Midjourney has pulled back the curtain a bit further on its ambitious medical scanner, but the evidence that it actually works remains conspicuously thin.

The AI company, widely recognized for its image-generation tools, recently shared a behind-the-scenes video of its dunk-tank-style ultrasound device. The plan is to roll it out in spas, with the long-term goal of revolutionizing medicine through low-cost, high-detail imaging that avoids radiation.
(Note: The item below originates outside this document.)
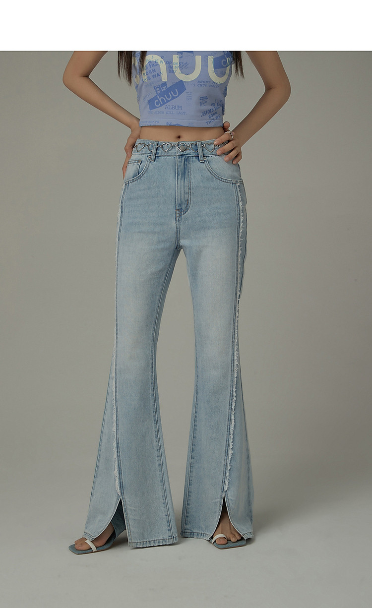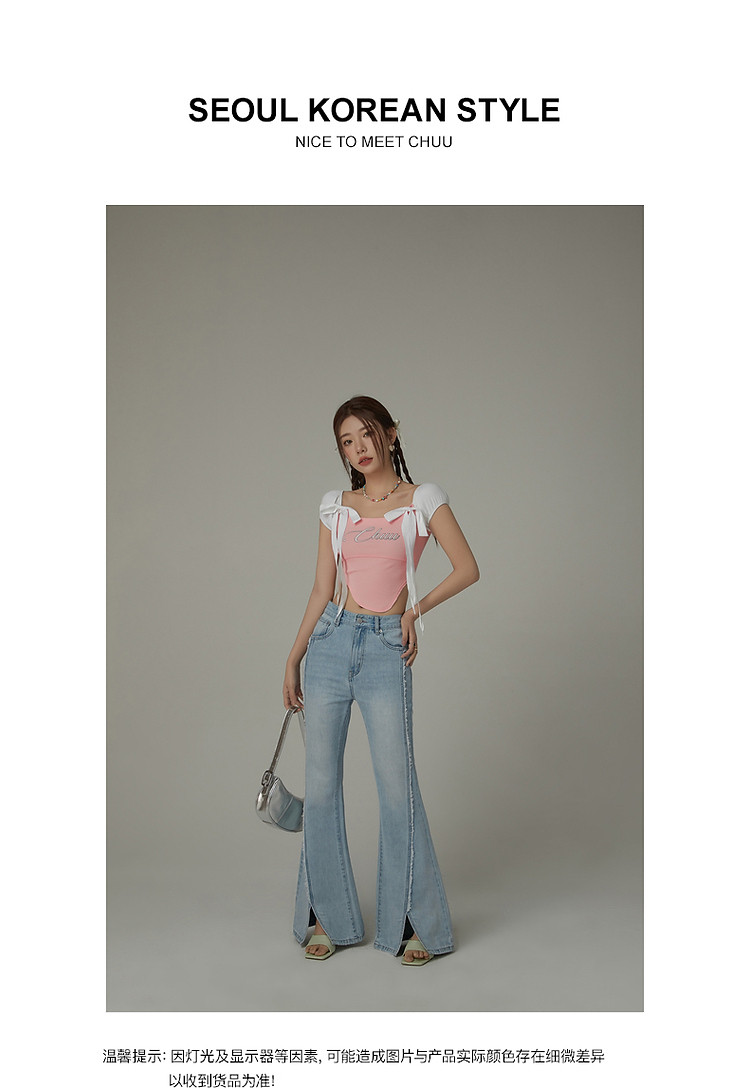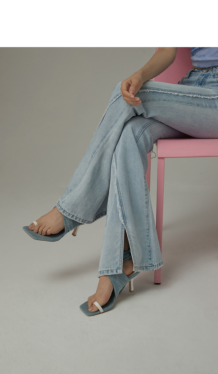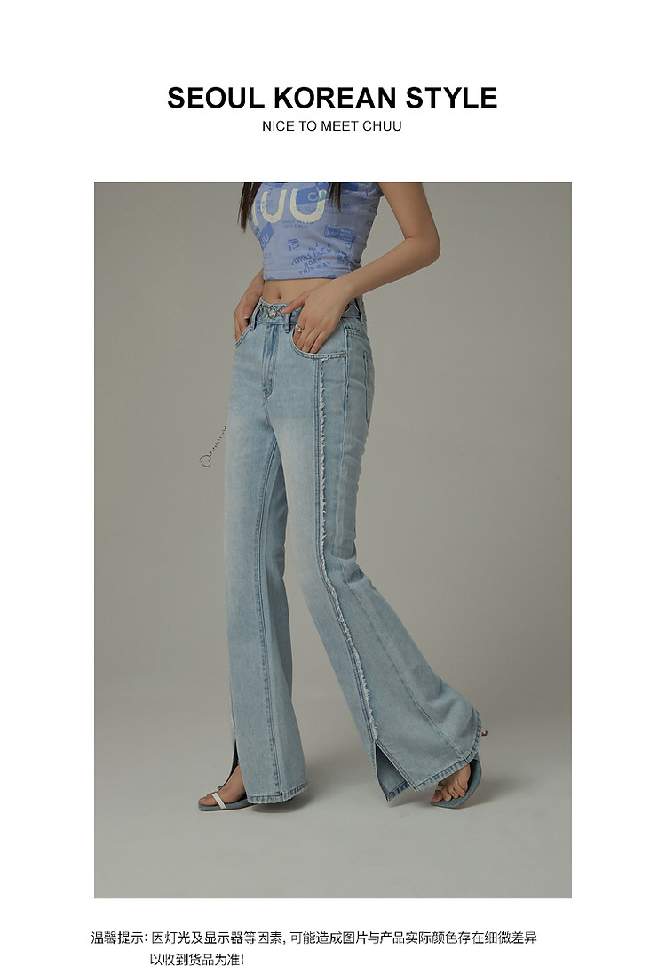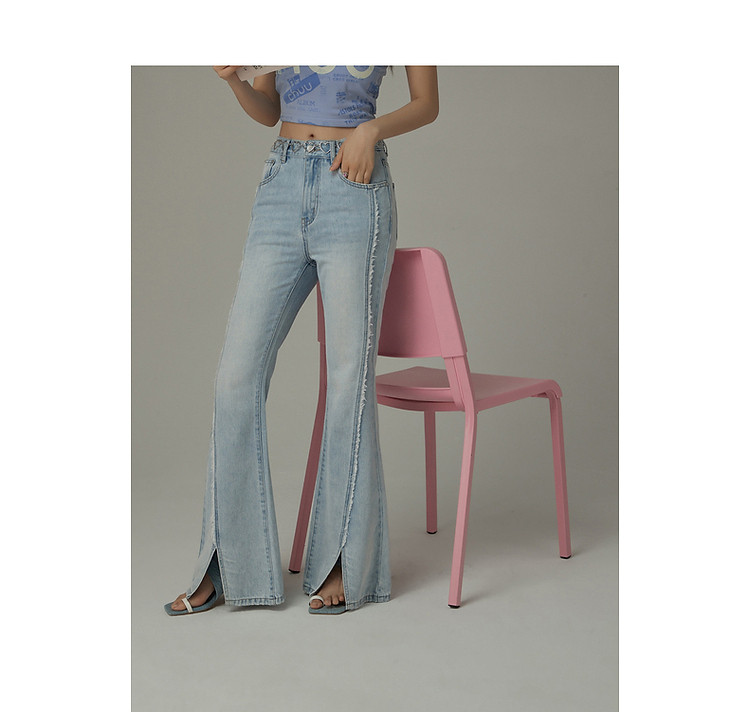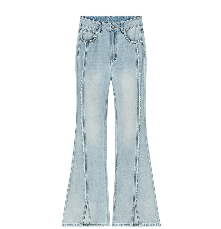 商品名称:毛边微喇牛仔裤女夏设计感磨白开叉个性长裤 728467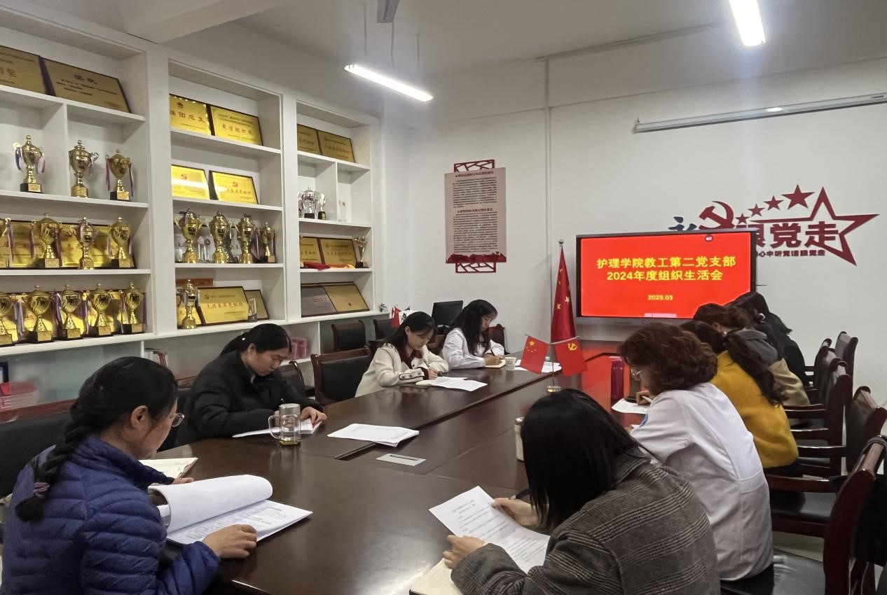 为进一步确保主题教育见成效,扎实推进全面从严治党,护理学院教工第二党支部于2025年3月12日召开了组织生活会和民主评议党员大会,会议由支部书记王婷主持,并邀请护理学院党支部书记蔡季秋同志对本次会议进行专业指导与严格监督。

The nearly 20-minute tour was led by Marcin Plaza, a tech YouTuber who also happens to be an engineer at Midjourney.

Plaza offers a refreshingly candid description of the scanner, calling it a collection of ultrasound probes that have been “hacked apart and slapped on a glorified hot tub with an elevator in it,” all wired into standard computers and Raspberry Pis. The footage provides a closer look at the hardware and the team assembling it, but it largely sidesteps the physics and imaging challenges that experts flagged when the project was first announced.

Those specialists told The Verge that Midjourney has yet to demonstrate it can overcome the well-documented limitations of ultrasound, a technology that has existed for decades. The company has offered little proof it can produce the kind of detailed images it has hinted at, at the scale and speed it promises. To its credit, Midjourney has emphasized that the scanner will launch as a wellness product focused on body composition, not as a diagnostic medical device, which would require FDA approval and clinical trials. In the video, head of medical Tom Calloway doubled down on that strategy, explaining that focusing on body composition would let the company “speedrun” the process and open immediately after testing wraps. Yet the video still leans heavily on medical terminology, posing questions about what physicians could achieve with access to frequent scans taken over time.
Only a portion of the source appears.